La miró una vez más y sintió el deseo de acariciar su joven y ya avejentada cara. Pero se abstuvo por temor a que eso la despertara. Con mucho sigilo fue hasta el rincón y cogió su petate. Del cinturón que había dejado encima, sacó dos billetes y se los guardó en un bolsillo; el resto los dejó encima de la mesa contigua al sofá. Francine necesitaría dinero, adondequiera que fuese; lo necesitaría para comprar una alfombra nueva y cortinas para las ventanas. La miró una vez más; tendida en aquella cama grande, y desde la otra punta de la habitación, se la veía muy menuda. Andrews caminó hacia la puerta sin hacer ruido; no miró atrás.
Por el este el cielo mostraba franjas de un rojo suave. En la quietud de la calle desierta, Andrews fue hasta la cuadra, despertó al mozo para darle uno de los billetes que se había quedado, ensilló rápidamente a su caballo en la penumbra del establo y montó; al volver la cabeza para saludar al mozo, vio que el hombre se había dormido otra vez. Salió del establo y enfiló la calle de Butcher’s Crossing, cuya espesa capa de polvo amortiguó el clop clop de los cascos del caballo. Miró a un lado y a otro, contemplando lo que quedaba del pueblo. Butcher’s Crossing desaparecería muy pronto; las construcciones de madera serían derribadas para aprovechar el material, las cabañas de tepe se desmoronarían víctimas de la intemperie, y la hierba de la pradera iría ganando terreno hasta cubrir la calle. Ya ahora, bajo el primer sol, el pueblo era como unas ruinas; los rayos perfilaban los edificios realzando una desnudez que no era nueva, que ya estaba en ellos.
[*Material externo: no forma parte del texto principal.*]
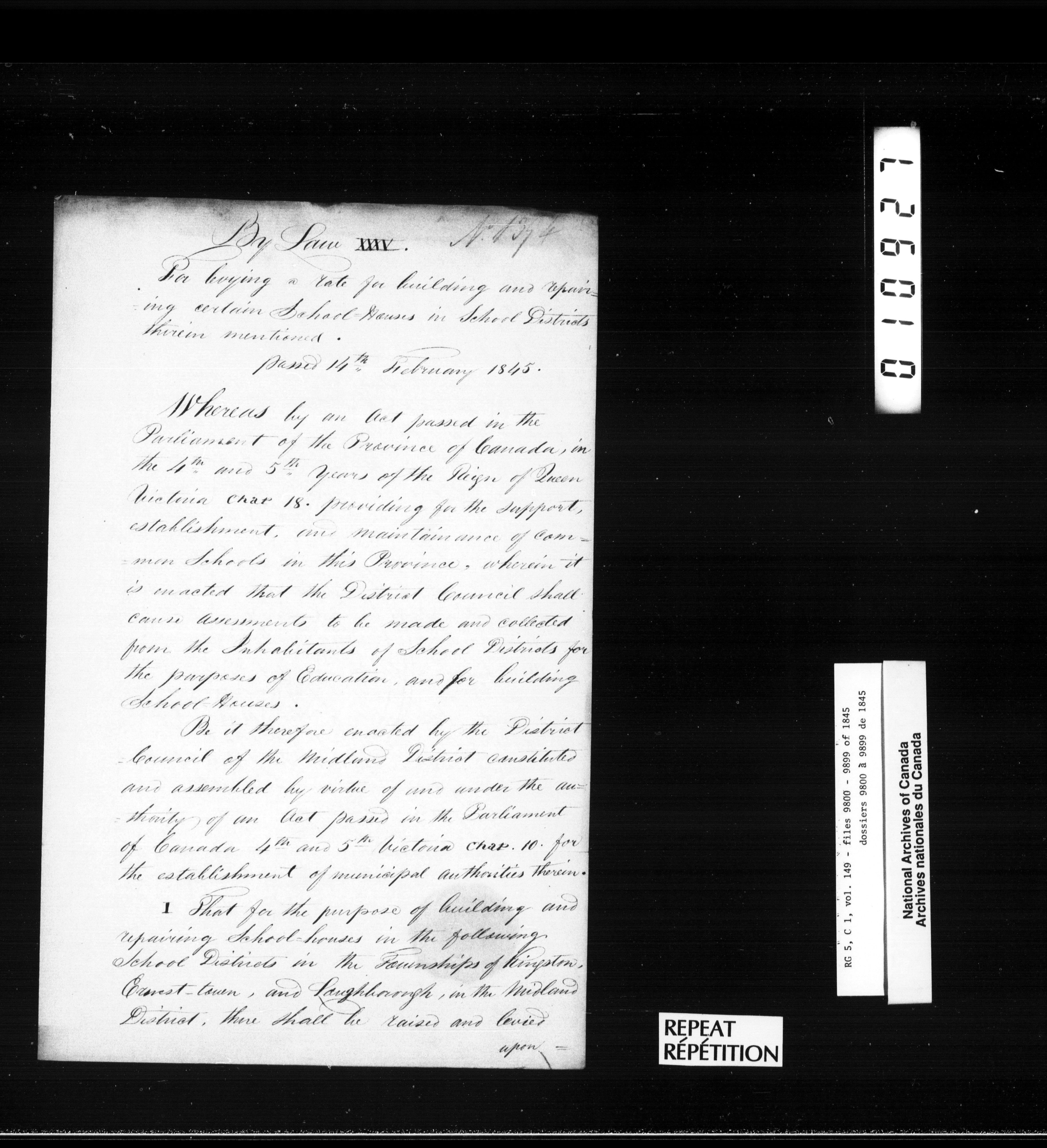 Canada West : Provincial Secretary, numbered correspondence files, 1844 to 1867 : H-2357

Dejó atrás los restos todavía humeantes de la cabaña de McDonald y el grupito de álamos a su derecha. Detuvo al caballo nada más cruzar el riachuelo y se volvió. Un delgado borde de sol llameaba sobre el horizonte. Miró de nuevo al frente y contempló la región llana, la sombra larga que él proyectaba, mellados sus bordes por la enhiesta hierba nueva. Sintió el tacto duro y liso de las riendas en sus manos; tuvo perfecta conciencia de la lisura como de roca de la silla en la que estaba montado, del hincharse y deshincharse de los flancos del caballo conforme tomaba aire y lo expelía. Inspiró hondo aquel aire perfumado que ascendía de la hierba nueva y se mezclaba con el sudor húmedo de su montura. Asió las riendas con firmeza, tocó los flancos del caballo con sus talones y enfiló el camino hacia campo abierto.
Salvo que llevaba una determinada dirección, Andrews no sabía adónde se dirigía; pero estaba seguro de que lo sabría en cuestión de horas. Cabalgó sin prisa, sintiendo cómo el sol ascendía lentamente a sus espaldas y templaba el aire.